In other news, Sanae appears to have developed a third breast. Apparently,
humans have a line of mammary glands running down their torso…rather
like sows. In Sanae’s case, the one under her right arm has activated and
is engorged with milk…so my wife is not only gorgeous, she now has three
tits! (I feel the cosmic worm is turning and our recent spell of bad luck
is about to change!) Diva’s arrival will change a whole lot of
things…all of them for the better.
Buster’s also something of a scatologist…I was holding her last night with my forearm under her bum and she released an explosive turd that had now where to go but up…she had shit all up her back and in her hair…her racy new white jumpsuit is a less fashionable shade of brown now…Sanae was less than impressed at the 3:00 a.m. malarkey, but took it all in her motherly stride and quietly changed her clobber, mopped her hair and back and reattached her for more ammunition…will she never learn?

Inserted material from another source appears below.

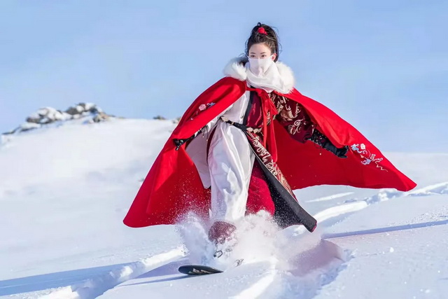 此外,社交媒体的带动也成就了滑雪运动的不断出圈。前有滑雪达人身披汉服“御板飞行”,后有四岁萌娃挑战高级赛道,还有众多“滑雪媛”身穿比基尼,把滑雪场当成最新的穿搭街拍地。

Last week, I was changing her in the night and just as I had the old nappy off, she simultaneously sneezed and let fly with a fresh batch of baby poo that fired out under considerable pressure just clipping my left flank and leaving the wall behind me looking like the beginning of a Jackson Pollack…an abstract yellow streak up the wall that required some explanation to the less than impressed landlord…my claims that my child was merely expressing her creative talent and that I wouldn’t charge her for the artwork failed to convince her to refund our bond…some people just have no appreciation for modern abstract.
The other incident occurred halfway home when we stopped for lunch at the Riverside Cafe in Murchison. We woke Diva and proudly strolled into the restaurant among the customers carrying our new baby. We stopped by a couple who were enthusiastically hoeing into their lunch. They looked up at the waking Diva who proceeded to rip of a VERY loud and rather moist sounding fart tableside…the patrons visibly paled, their respective appetites evaporated as the stench wafted over their table and they seemed to concurrently decide that it was time to start dieting…must have been something wrong with the food!
She’s also learning about rugby…Sanae’s nipples were red raw and bleeding from the hammering they’ve taken in keeping the juice up to the growing bundle of joy. The midwife showed us a new breast-feeding hold she termed the “Rugby Hold.” The new hold positions the baby under the arm as you’d carry a rugby ball on the run. My role is to pass the baby and, in keeping with the rugby theme, have developed a kind of scrum ritual where by I say, “Crouch, touch, pause….engage.” She has become used to the routine, much as Pavlov’s dogs learned to salivate in the expectation of food…on the command of “crouch” her little mouth puckers up, on “touch” her eyes widen with anticipation, with “pause” her head starts to shake and the on “engage” I place her ready mouth on Sanae’s willing nipple and she commences enthusiastic suckling…hilarious! (With Sanae’s permission, I might film the ritual and send it to you…Sanae is getting quite used to getting her norks out in front of all and sundry, so why not share the joy on YouTube?)